Background:Traumatic Brain Injury (TBI) is one of the leading causes of morbidity and mortality worldwide. Understanding the impact of trauma centers' hospital and nursing factors on patients with TBI outcomes is essential to decrease hospital-acquired conditions connected with nursing-sensitive indicators and connecting to discharge disposition. Patients with TBI have a greater chance of experiencing hospital-acquired conditions (HACs) than other trauma patients. Nurses have a significant impact on preventing HACs sensitive to nursing care.
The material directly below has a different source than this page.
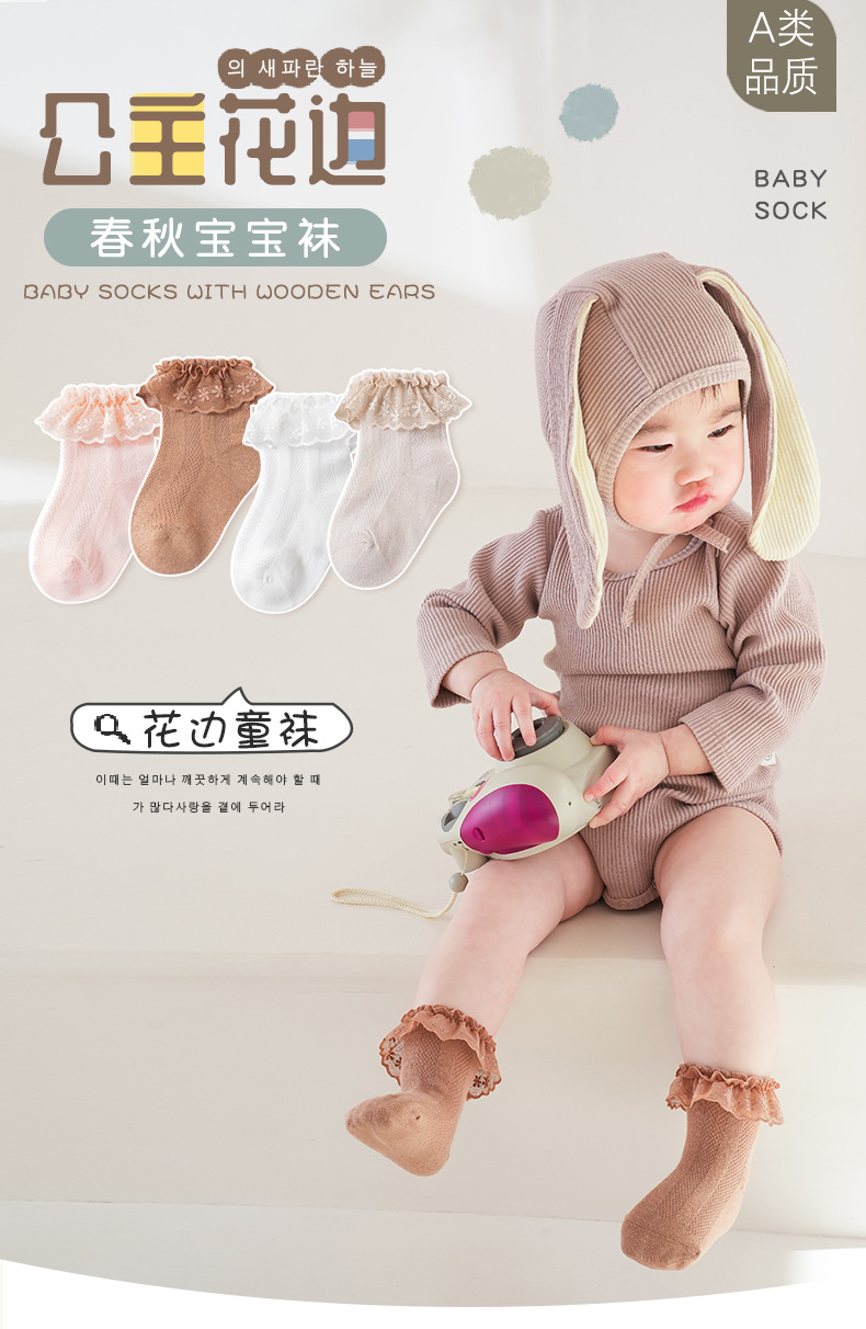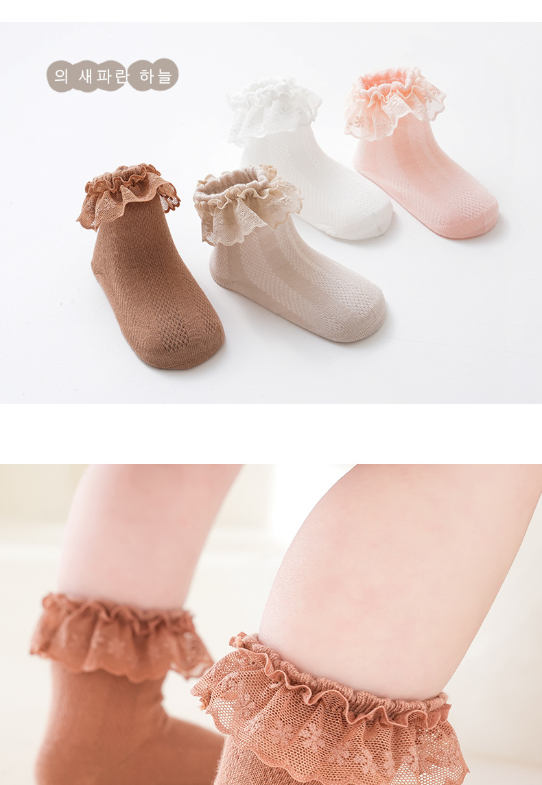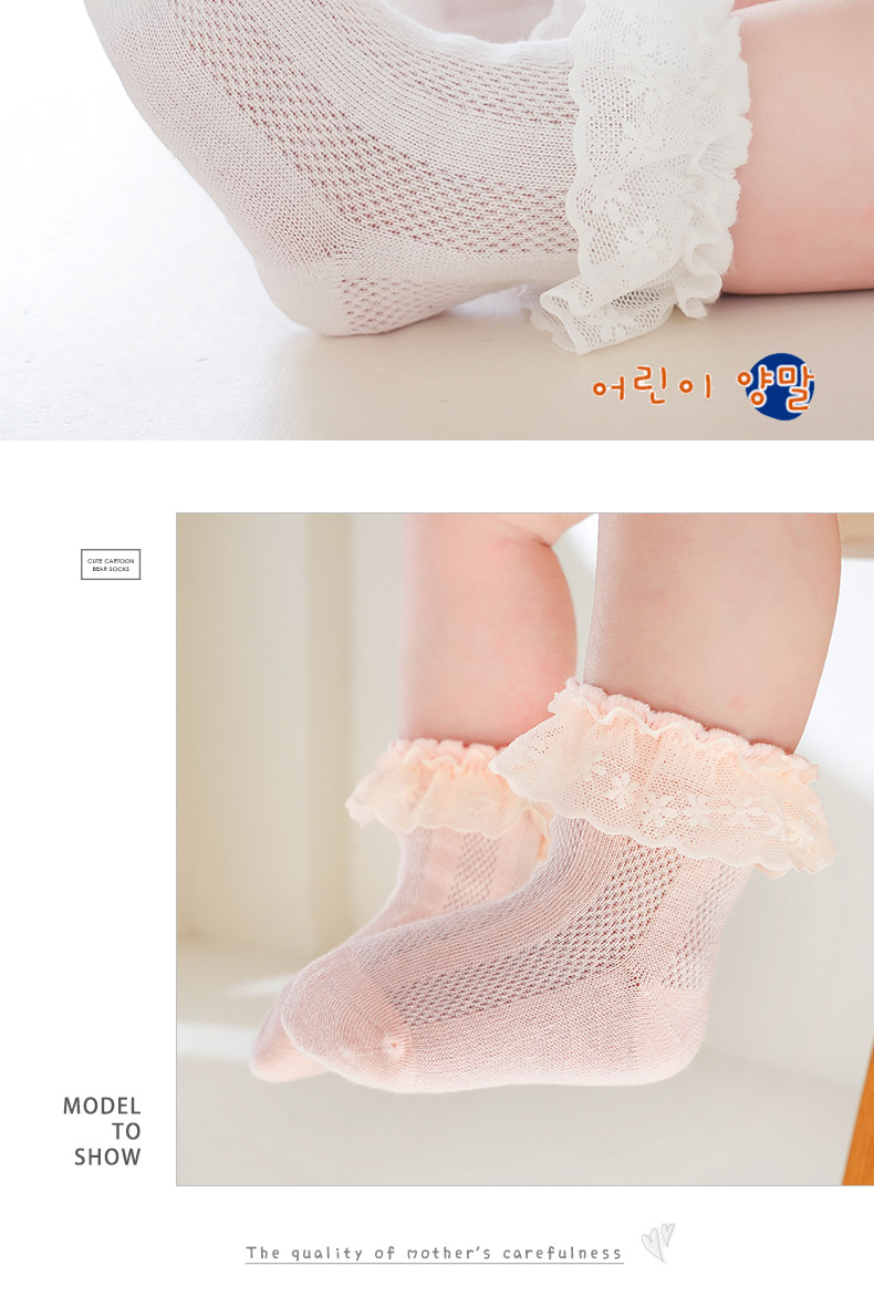 2025 새로운 여름 어린이 레이스 양말 메쉬 빗질면 아기 양말 봄과 가을 중간 튜브 아기 양말스토어 가기

Understanding a patient’s specific functional capabilities and clinical conditions to predict discharge disposition is essential to a patient’s functional recovery.
Methods:
This study was a cross-sectional design utilizing secondary data analysis with data from the National Trauma Data Bank (NTDB) for 2017 and 2018. The NTDB collects data for all trauma admissions, including patients with TBI, from pre-hospital to discharge in trauma centers verified by the American College of Surgeons (ACS) in North America. Survival analysis utilized log-rank test and Cox regression when examining patient hospital and nursing factors of length of stay (LOS) data. Multinomial logistic regression was used to study inpatient mortality and discharge disposition.
Results:
Discharge Disposition: Community (HR 1.19; 95% CI, 1.06-1.33; P= 0.003) and nonteaching hospitals (HR 1.49; 95% CI, 1.22- 1.74; P= 0.000) had a significantly shorter LOS compared to the reference group of a teaching hospital. Patients aged 61 and older have a significantly increased (61-75 years, p= 0.003, 75 years and older, p= 0.00) likelihood of being discharged to short-term inpatient or acute inpatient rehabilitation. Comparing the primary payor effect on discharge disposition, self-pay (p= 0.00) and other government (p=0.001) insurance were significantly less likely to be discharged to a skilled nursing facility (SNF) or long-term acute care hospitals (LTACH). Patients aged 61 and older had a significantly increased (61-75 years, p= 0.004, 75 years and older, p= 0.00) likelihood of being discharged to short-term inpatient or acute inpatient rehabilitation. Patients with Medicare or Medicaid insurance had a significantly decreased (p= 0.003, 0.014) likelihood of going to an acute rehabilitation/short-term inpatient hospital versus those privately insured.
Inpatient mortality: Patients 75 years and older were five times as likely to experience inpatient mortality as those 18-30 years old (OR= 5.71, 95% CI [4.2,7.78]). Hispanic/ Latino had a statistically significant decrease in inpatient mortality of half the odds of experiencing inpatient mortality compared to white (OR=0.57, 95% CI [0.45,0.72]). Patients with self-pay were found to have a significant probability of inpatient mortality with two times the odds of experiencing in-hospital mortality (OR= 2.13, 95% CI [1.7, 2.66]) compared to privately insured.
Nursing Sensitive Indicators: There was a significant association between patients that developed NSI and ICU (p< .00) and hospital LOS (p<.001). There was a significant relationship between VAP and severe sepsis, X2(1, 4377) = 43.84, p= 0.00; DVT and PE occurrence, X2(1, 4371) =128.84, p<0.001; CLABSI and severe sepsis, X2(1, 4377) =19.10, p<0.001, thus linking HACs that are nursing sensitive to HACs that have not been linked.
Discussion:
This study has highlighted the relationship between patient, trauma center, nursing characteristics, and the impact on patients with moderate and severe TBI LOS, NSI, and discharge disposition. Identifying which components are most impactful to clinical outcomes can serve as areas of concertation to meet worldwide aims to support fully integrated trauma care systems for optional patient impacts.